999 call handler sacked after Cardiff mother's murder
A police call handler has been sacked after an inquiry into why officers took so long to respond to a woman's distress calls as she was being killed.
Joanna Michael, 25, dialled 999 twice during the attack by ex-boyfriend Cyron Williams in Cardiff in August 2009, but when officers arrived she was dead.
The Independent Police Complaints Commission (IPCC) said South Wales Police and Gwent Police had failed her.
Gwent Police said the employee had been dismissed for gross misconduct.
The IPCC investigated after it emerged the mother-of-two had made two potentially life-saving 999 calls in the early hours of 5 August last year but police took 22 minutes to respond and did not arrive until after she had been fatally stabbed.
Two police call handlers, one at Gwent Police and one at South Wales Police, faced disciplinary action following the inquiry.
A Gwent Police spokeswoman said: "Following a disciplinary hearing on 15 October a Gwent Police call handler was dismissed from her employment with immediate effect on the grounds of gross misconduct.
"The individual has the right to appeal this decision, therefore it would be inappropriate to make further comments at this stage.
"The family of Joanna Michael has been informed of this decision and our thoughts remain with them at this time."
South Wales Police said a male call handler had been dealt with via the disciplinary process but was still working for them.
A spokeswoman said: "Every day, South Wales Police responds to around 1,500 incidents and our control room staff are required to continually apply their judgement and response guidelines to many complex and often confusing scenarios.
"We would like to reassure the public that several key changes have been made to the way we handle emergency calls since the conclusion of this tragic case and the report by the IPCC.
"The force has produced an action plan which directly addresses how we can prevent such an incident from happening again.
"This includes putting rigorous processes in place to iron out issues with misrouted emergency calls, carrying out work to improve communication and administrative processes and have provided further training for all our control room staff."

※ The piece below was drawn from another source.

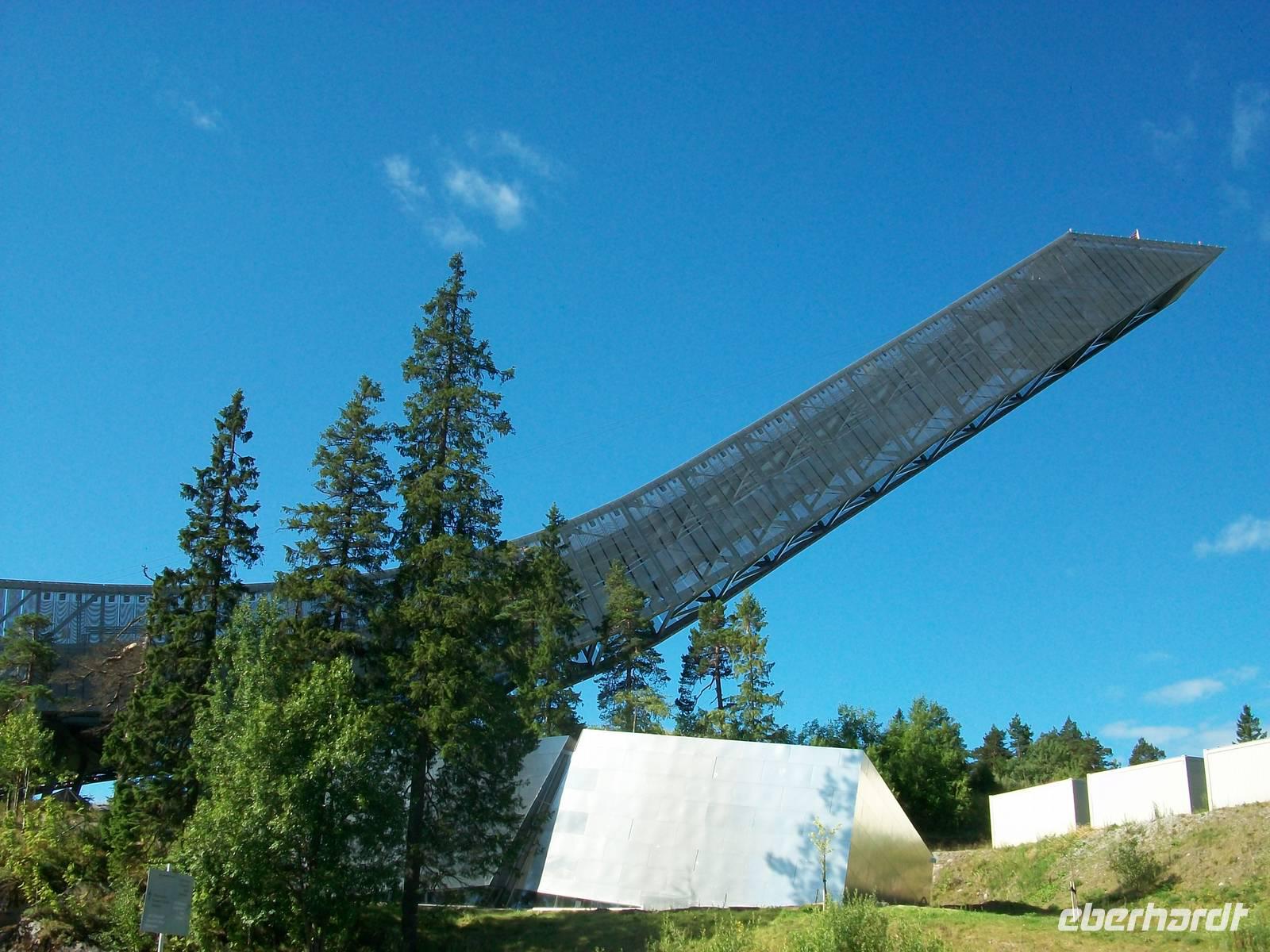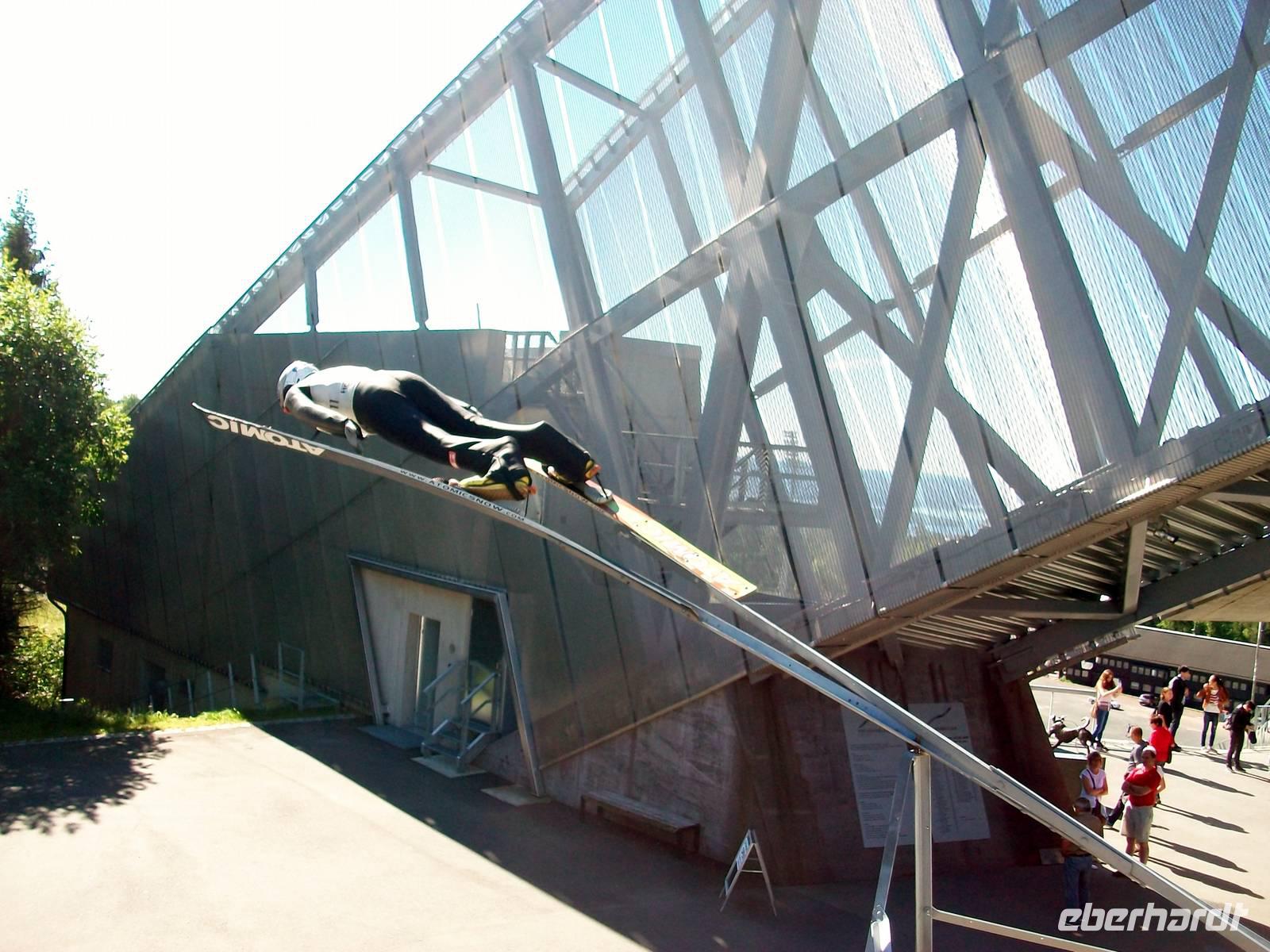 Atemberaubend ist der Blick hinunter zum Aufsprunghang, nicht weniger attraktiv ist der Blick hinauf zum modernen Sprungturm, es ist eine freitragende Konstruktion die über dem Hügel zu schweben scheint.

In its report the IPCC concluded that Ms Michael "was failed by Gwent Police, South Wales Police and the 999 system itself".
She died when Williams broke into her home and found her with another man.
She suffered 72 separate wounds in the knife attack.
Williams was jailed for life, with a recommendation that he serve 20 years, after admitting murder at Cardiff Crown Court in March.
The IPCC report found Ms Michael's panicked mobile phone calls, and those of anxious neighbours, were unaccountably misdirected to Gwent Police by a phone mast.
Then critical minutes were lost as the details were passed to South Wales Police.
The problem was compounded by the fact the first call handler did not take full details.
It was only when a terrified Ms Michael phoned a second time, and her call was again misrouted to Gwent Police, that officers were sent to her home.
Following the report's publication in July, the two forces issued a statement, saying the service given to Ms Michael did not reflect what the public should expect.